NASED Summer Conference: We’re disappointed not to meet in person, but we look forward to seeing you online at the NASED Virtual Conference, August 9-10 and 19-20, 2021. August 9 and 19 are for NASED state/territorial members only. Items on the agenda include opening remarks from Jen Easterly, director of CISA, and sessions on cybernavigating programs, addressing threats to election officials, VVSG 2.0, list maintenance, election integrity and a state legislative update. When: August 9-10 and 19-20. Where: Online.

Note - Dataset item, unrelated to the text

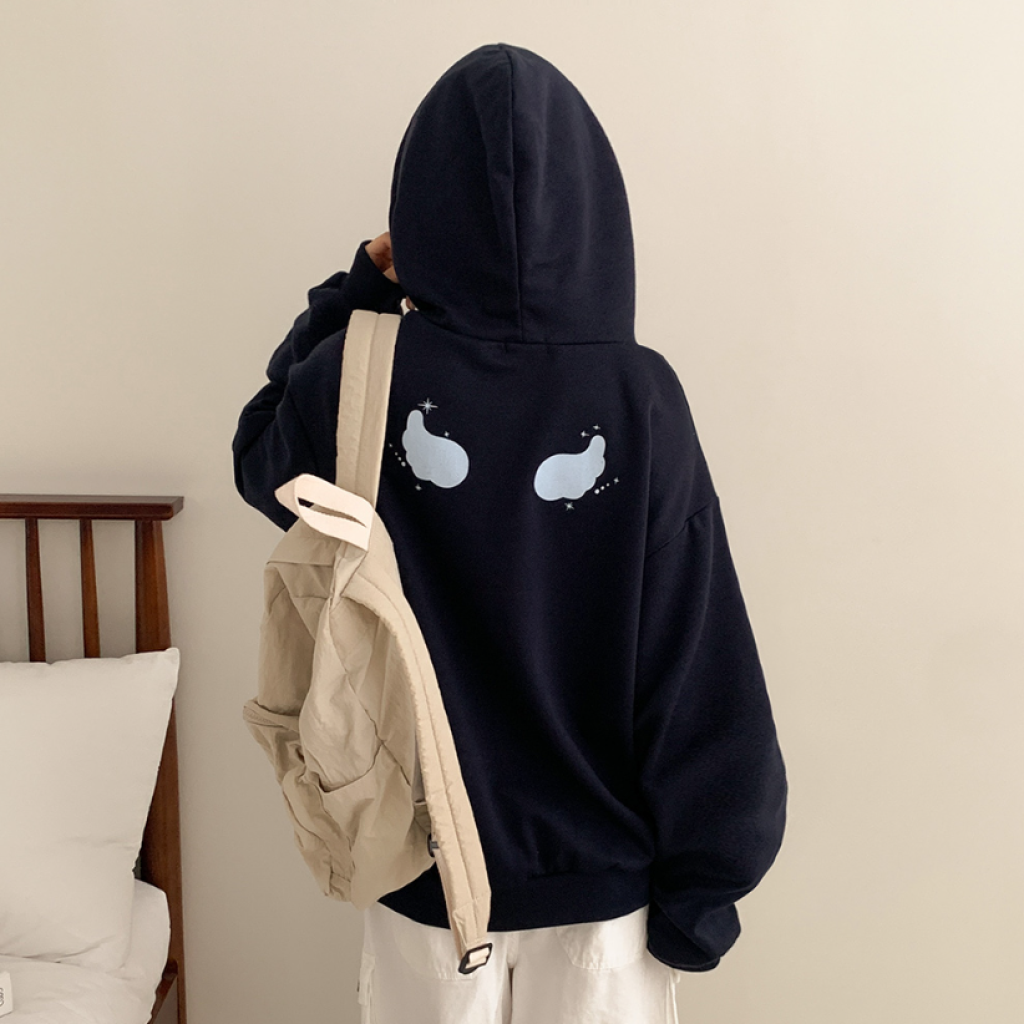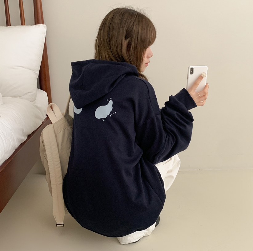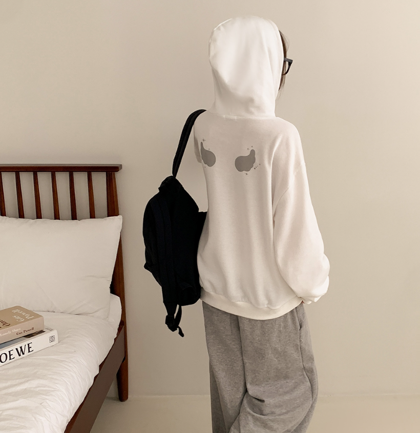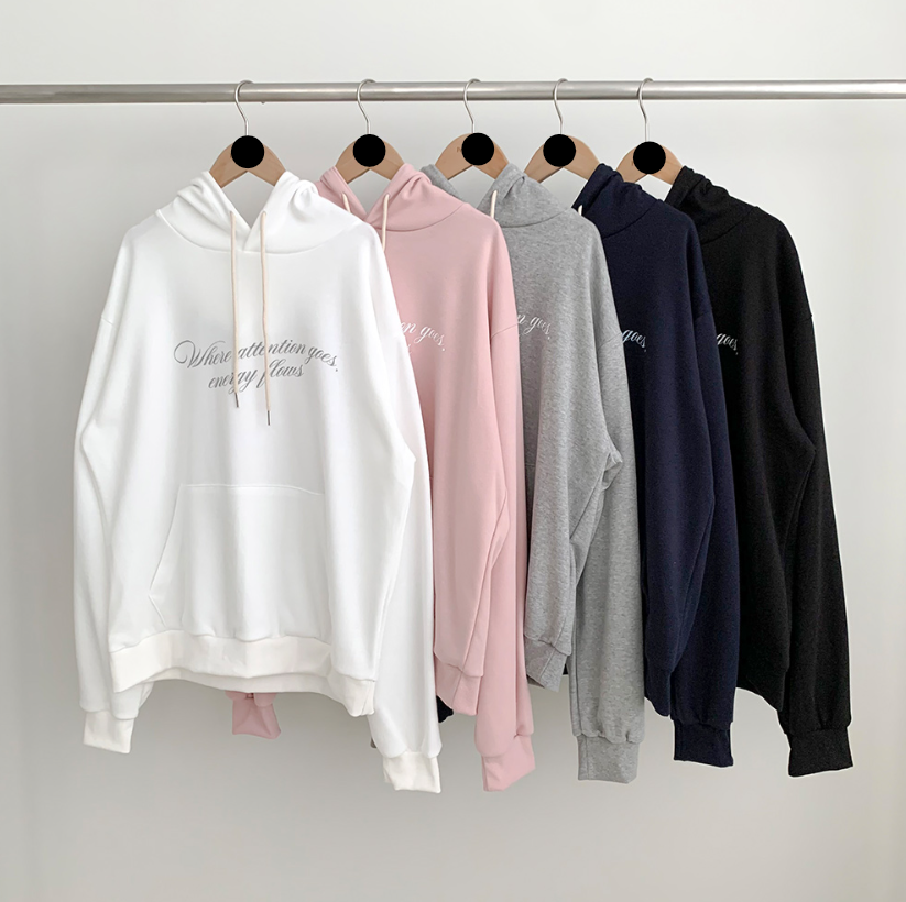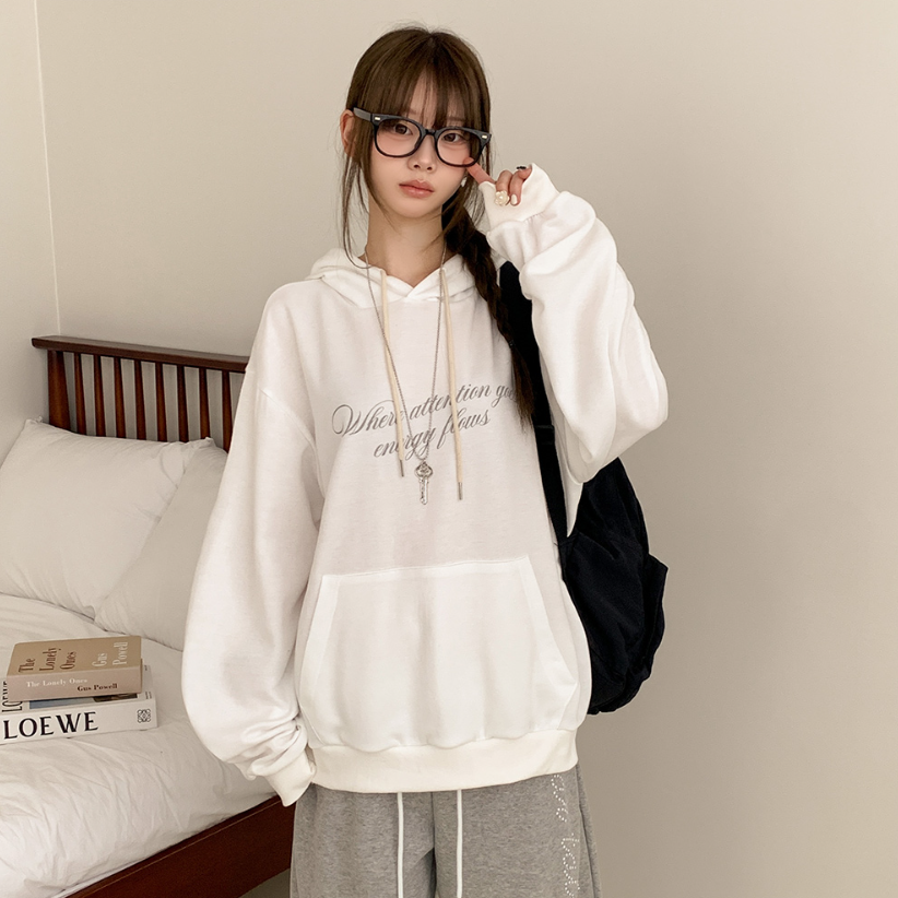 (•‾⌣‾•)慵懶風連帽衛衣簡約百搭❤️胸前精緻草寫字母點綴💕

NASS Summer Conference: The National Association of Secretaries of State (NASS) will convene in person for the 2021 Summer Conference. It will be held August 13-16 in in Des Moines, Iowa. The conference will feature committee meetings, discussions and various workshop sessions on election administration, cybersecurity, business services, state heritage and more. A preliminary conference agenda is available online here. In addition, an expo area will have a limited number of NASS Corporate Affiliates on-site showcasing their products and services. Please note, the Centers for Disease Control and Prevention health recommendations will be observed throughout the conference. Learn more about the venue’s COVID-19 safety requirements here. There will also be a limited virtual component for those unable to attend in person. Registration for the conference will open in late-May. When: Aug. 13-16. Where: Des Moines, Iowa.
NISGIC Annual Conference: The 2021 NSGIC Annual Conference will be held September 20 – 24 as a hybrid event at the Renaissance Dallas Addison Hotel and leveraging technology to provide for virtual participation, as well. The safety and comfort of conference participants are paramount. We will be following all guidance in place at the time of the conference and working closely with venues to ensure full care is given. We understand that not all conference attendees will be able to join us in person. Those participating virtually can expect a rich experience with interactive plenary presentations, networking opportunities, and participatory workshops and other sessions. (We’re so sure you’re going to enjoy the experience, we urge you to consider participating from home or another space where you can give it your full attention.) Whether you attend in-person or virtually, the NSGIC Annual Conference is the hub of critical connections for state, local, tribal, and federal GIS policymakers and coordinators, private sector partners and solution-providers, and other leaders in the geospatial ecosystem. Like nowhere else, the NSGIC Annual Conference is a place where relationships are built, information is shared, and collaborations are born. When: September 20-24. Where: Hybrid—Dallas & Virtual.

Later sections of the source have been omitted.